Edge Computing

Edge computing processes and stores data locally and transmits only selected summaries to the cloud. Rather than trying to analyze data in the cloud, edge processes it locally, which is cheaper and easier to manage and enables real-time insights value. It pushes computing power to the edges of a network, implementing data analytics close to the end devices and close to the source of data.
This improves network response times. It is different from today’s Cloud-based system, where information is sent to a distant data centre. It is a distributed IT architecture in which client data is processed at the periphery of the network, as close to the originating source as possible. It uses a network of micro-data stations to process or store the data locally, within a range of 100 square feet, and transmits only selected summaries to the cloud. Edge is cheaper and easier to manage and enables real-time insights value. It is a decentralised system of cloud computing.

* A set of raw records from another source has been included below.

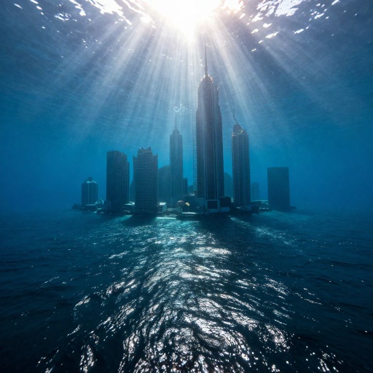 A sunlit ocean surface shimmers above a submerged metropolis, where towering skyscrapers rise from the depths, defying gravity as beams of sunlight pierce the water, casting an ethereal glow over this surreal underwater cityscape.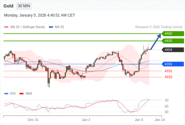 在 4355 之上,看涨,目标价位为 4435 ,然后为 4460 。
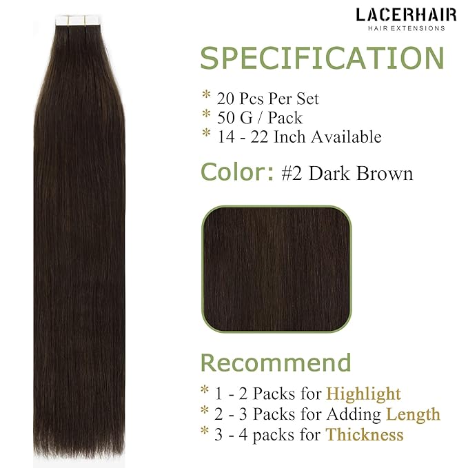 - 【Recommended Quantity】-- We Recommend 2-3 Packs for a Full Head Thin Hair, 3-5 Packs For Thicker Hair. Each Pack Of Lacerhair Tape in Human Hair Extensions is 50g, 20pcs, Light Weight.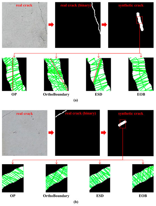 In scenarios where multiple cracks exist along the orthogonal direction of the crack-skeleton point, or where the crack exhibits substantial curvature, the OP method tends to produce overestimated results. Although the OrthoBoundary method offers further refinement of the orthogonal direction at the skeleton point, it remains constrained by the OP method’s inherent sensitivity to pixel shift. In contrast, the ESD method does not yield overestimated results due to pixel shifts; rather, its outcomes are contingent upon the propagation direction of the crack-skeleton point. Consequently, the accurate determination and adjustment of this propagation direction are particularly critical for the crack-width measurement.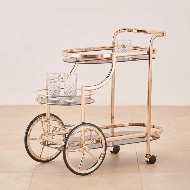 Royal Gold Premium Bar Trolley for Home | Luxury Drinks Cart with Wheels | Designer Bar Cart India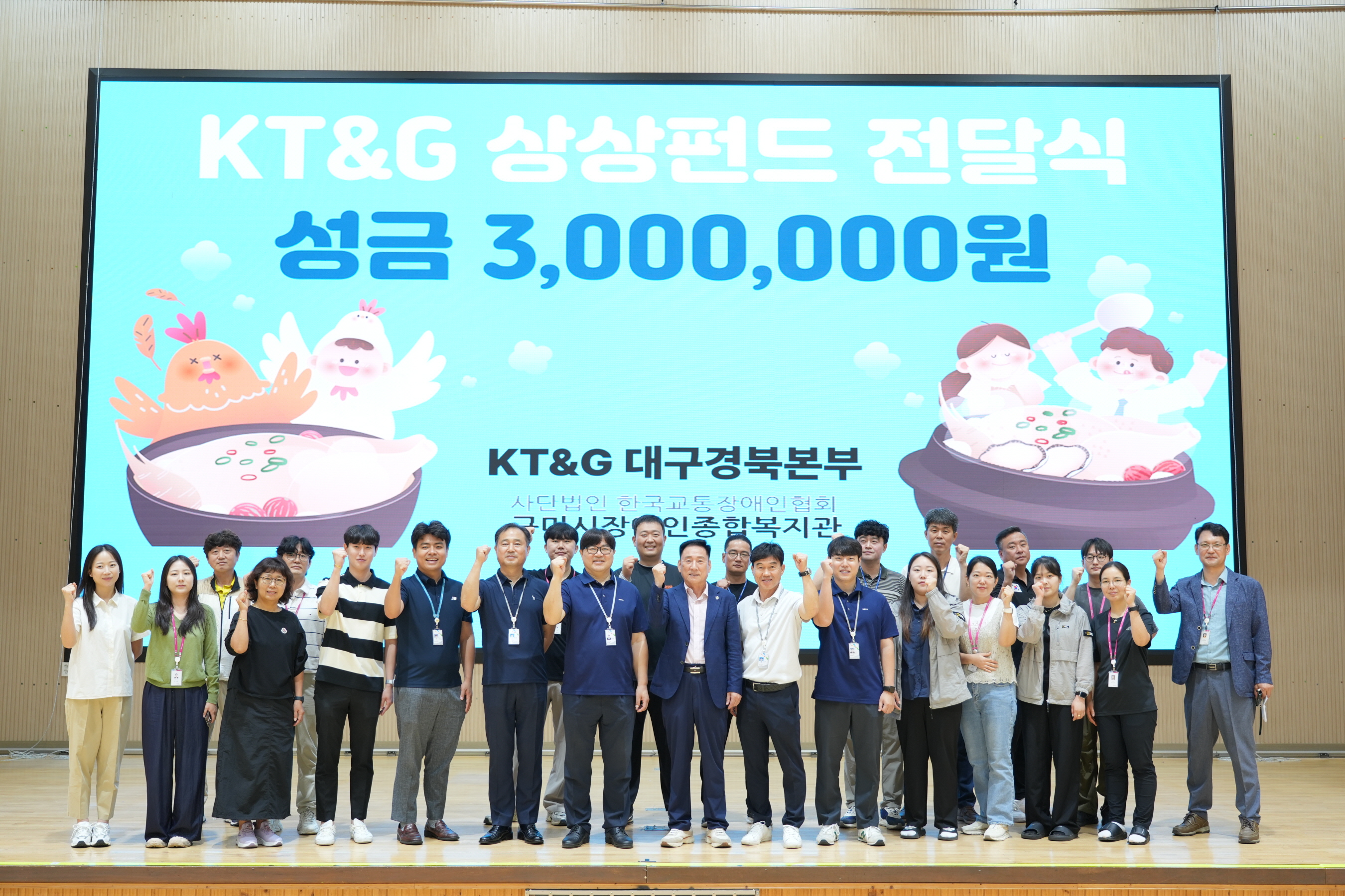 ‘상상펀드 전달’과 ‘복맞이 사랑의 삼계탕 나눔’ 행사는 기록적인 폭염으로 어려움을 겪고 있는 지역 소외계층을 위로하고 어려운 이웃들에게 건강과 희망을 나누고자 기획되었으며 KT&G 대구경북본부 임직원 40여명이 직접 참여해 그 의미를 더했다.
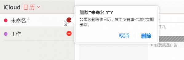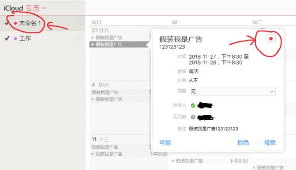 2、登录到电脑的iCloud,进入日历页面。此时发现广告已经占据了第一个日历的标签页。(为了演示,我用小号把自己的日历塞满了广告)垃圾日历的推送通常保存在第一个日历标签页,具体的可以双击垃圾项,点开详情。如图(这里是未命名1):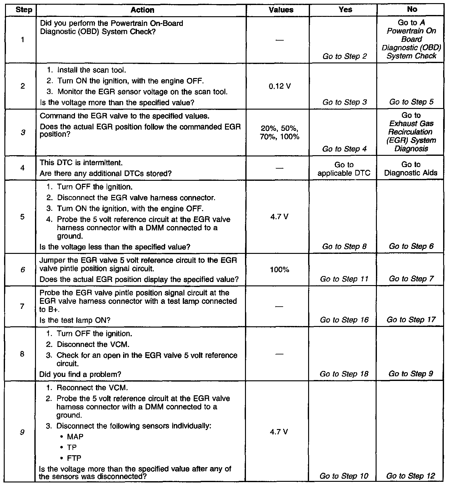 11. A 5 volt reference circuit short to the EGR valve feed control circuit will ground through the EGR valve when the EGR valve harness connector is connected.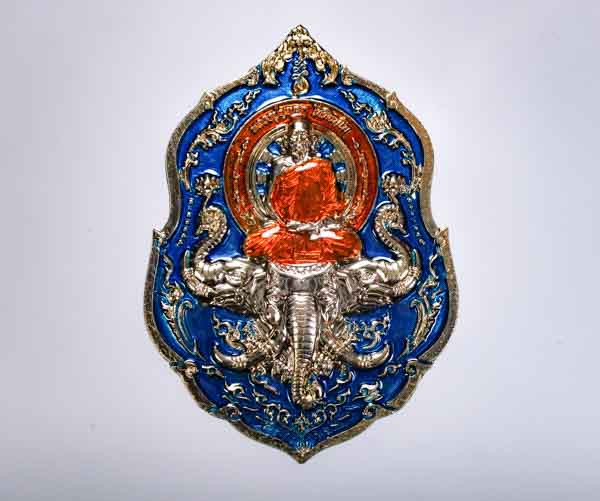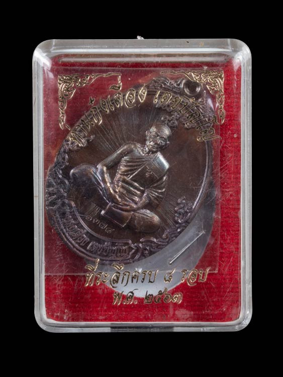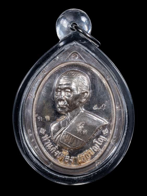 ปรกใบมะขาม เนื้อเงิน ที่ระลึกสร้างโรงพยาบาล รุ่น เมตตา หลวงปู่ม่น วัดเนินตามาก ชลบุรี กล่องเดิม |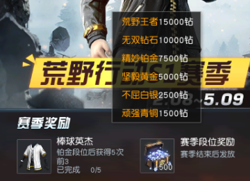 一共六个段位,奖励在上图中也很清楚,想要达到荒野王者段位,真的很难,因为谁都不能保证自己每盘都发挥完美。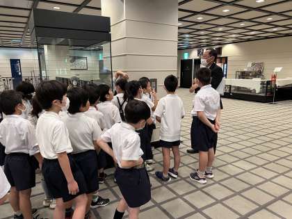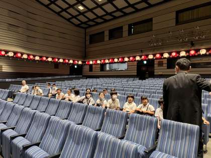 文楽劇場では、ロビーや客席、展示場と館内のたくさんの場所を見せていただくことができました。客席では、舞台の秘密やお仕事をされている方の工夫について教えていただくことができました。子どもたちは次から次へと浮かんでくる質問を劇場員の方に投げかけては答えていただいていました。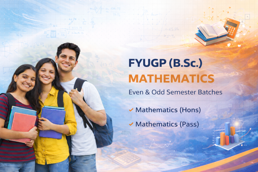 Our FYUGP B.Sc. Mathematics program is designed to build strong conceptual understanding and problem-solving skills. The course covers key topics such as calculus, algebra, differential equations, and analytical geometry. Through structured classes, regular practice, and exam-focused guidance, students develop the analytical ability required for academic success and competitive examinations.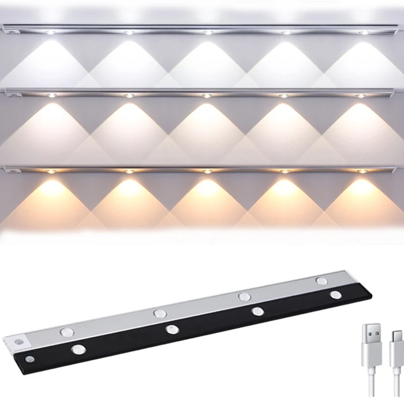 Перезаряжаемая беспроводная аккумуляторная батарея, алюминиевые светильники для шкафа, автоматический магнитный датчик движения, освещение для кухни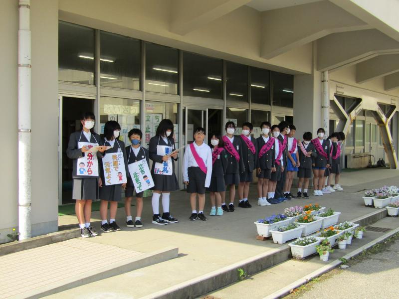 あいさつ運動は放送委員会・給食委員会のみなさんです。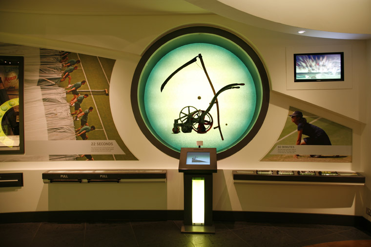 ▲圖中的工具是溫布頓錦標賽所使用的特別除草機;而其左的"22 SECONDS"象徵下雨時以22秒的時間迅速拉起遮雨布的過程。

Besides collecting data for transmission to the cloud, edge computing also processes, analyses, and performs necessary actions on the collected data locally. Costly bandwidth additions are no longer required as there is no need to transfer gigabytes of data to the cloud. Edge computing allows agencies to take the power of the cloud all the way to the network edge, especially to areas where they have not been able to use it before. Agencies can perform data analytics and processing and gain insights at the edge before routing that data back to centralised data centers for further analysis. Edge computing device nearby can be a gateway device like a router or a switch to process or analyse the data.
Cloud is not necessarily the best place for mission critical decisions that could help a vehicle avoid a collision on the highway — given the time (latency) demands, this type of processing is best handled at the network edge. On average, it takes roughly 100 milliseconds for large amounts of data to travel back and forth from the cloud.
As IoT becomes more widespread, the demand for bandwidth will increase dramatically, resulting in poor, inconsistent connections. The solution? Edge computing to complement the cloud. Edge computing is meant to complement the cloud, not completely replace it.
Examples of Edge computing: Autonomous vehicles, streaming services (Netflix, Amazon Prime), smart homes and factories where robots perform complex operations.
IoT use cases that require edge computing: smart buildings, drone-based delivery services, real-time subsurface imaging, traffic congestion management and video surveillance.
Real-time Data: In an age where real-time data is extremely valuable, there is a need for processing and analysing data closer to the location. This issue can be resolved by edge data centres, which can not only help enterprises process more data on the edge, but also help in saving a lot of bandwidth related costs, as the number of data hops are reduced significantly. Research firm Gartner expects more than 15 billion devices to connect to enterprise infrastructure by 2029.
As more processing shifts to edge data centres, we can expect a rise in prefabricated modular and micro-data centres which are small data centres which come with their own air-conditioned cabinets, a server rack, a UPS and a power distribution unit. These micro-data centres will be increasingly preferred as they do not require huge space, and can be comfortably placed in environments such as hospitals, retail stores or offices.